To the delight of nearly everyone, initial unemployment claims have twice dropped below the 300,000 threshold in recent weeks, pushing the totals to lows unseen since the start of the Great Recession. But we’re occasionally reminded that progress rarely moves in a straight line.
The number of people who applied for unemployment benefits rose 21,000 to 311,000 in the week the ended Aug. 9, hitting the highest level since June, according to government data released Thursday. Despite that rise, weekly claims remained near pre-recession levels, signaling a slow pace of layoffs. Economists polled by MarketWatch had expected initial claims for regular state unemployment-insurance benefits to rise to 300,000 in the most recent weekly data from an originally reported 289,000 for the prior period. […]The four-week average of new claims, a trend that’s less volatile than weekly changes, rose 2,000 to 295,750, the U.S. Labor Department reported.
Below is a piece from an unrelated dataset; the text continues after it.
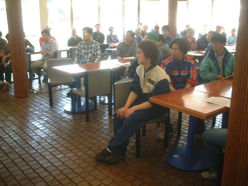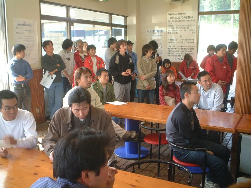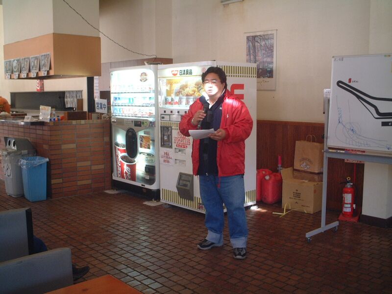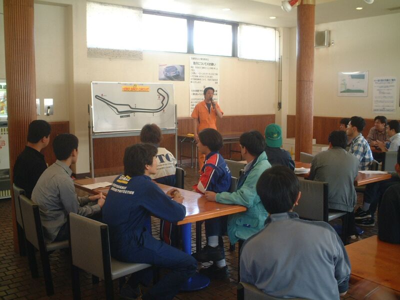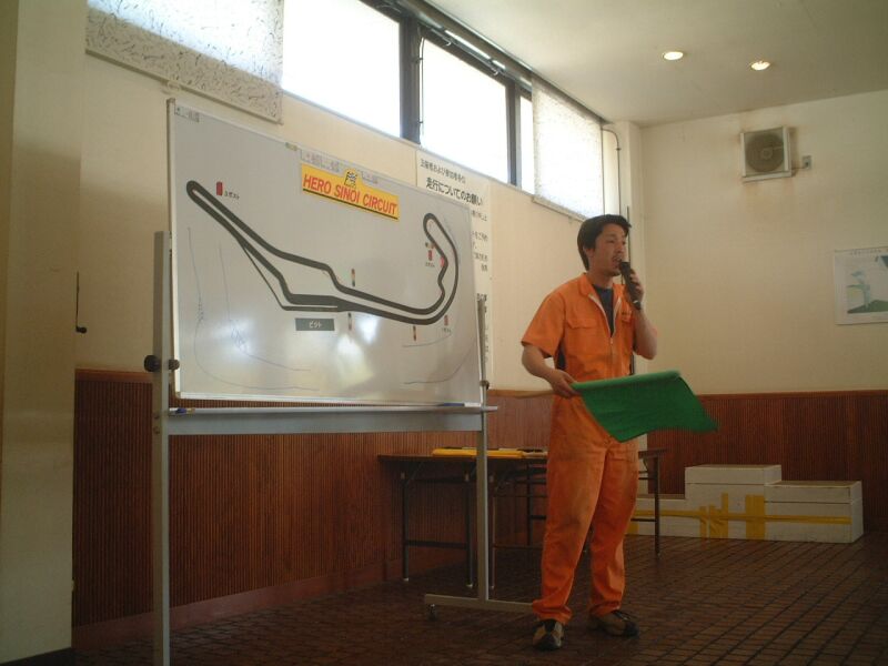 受付、車検を受けたあと、サーキット走行の注意点をヒーローしのいの方からレクチャーを受けます。
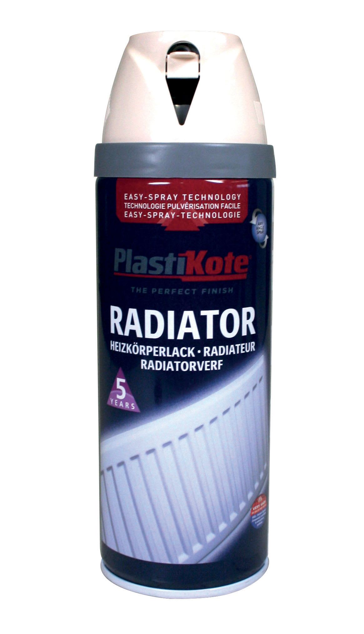 The PlastiKote Twist and Spray Radiator Spray Paint is specially formulated to make painting radiators quick and easy. The finish obtained is both durable and professional. There are no brushes to clean and you will not be left with brush marks on your radiator. The formula is non-yellowing and resists heat up to 100°.

To reiterate the point I make every Thursday morning, it’s worth remembering that week-to-week results can vary widely, and it’s best not to read too much significance into any one report.
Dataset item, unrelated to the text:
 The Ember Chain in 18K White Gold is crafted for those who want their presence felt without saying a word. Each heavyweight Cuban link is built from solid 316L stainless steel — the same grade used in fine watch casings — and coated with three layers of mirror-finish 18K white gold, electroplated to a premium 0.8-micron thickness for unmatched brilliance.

In terms of metrics, when jobless claims fall below the 400,000 threshold, it’s considered evidence of an improving jobs landscape, and when the number drops below 370,000, it suggests jobs are being created rather quickly. At this point, we’ve been below 330,000 in 20 of the last 23 weeks.
Above you’ll find the chart showing weekly, initial unemployment claims going back to the beginning of 2007. (Remember, unlike the monthly jobs chart, a lower number is good news.) For context, I’ve added an arrow to show the point at which President Obama’s Recovery Act began spending money.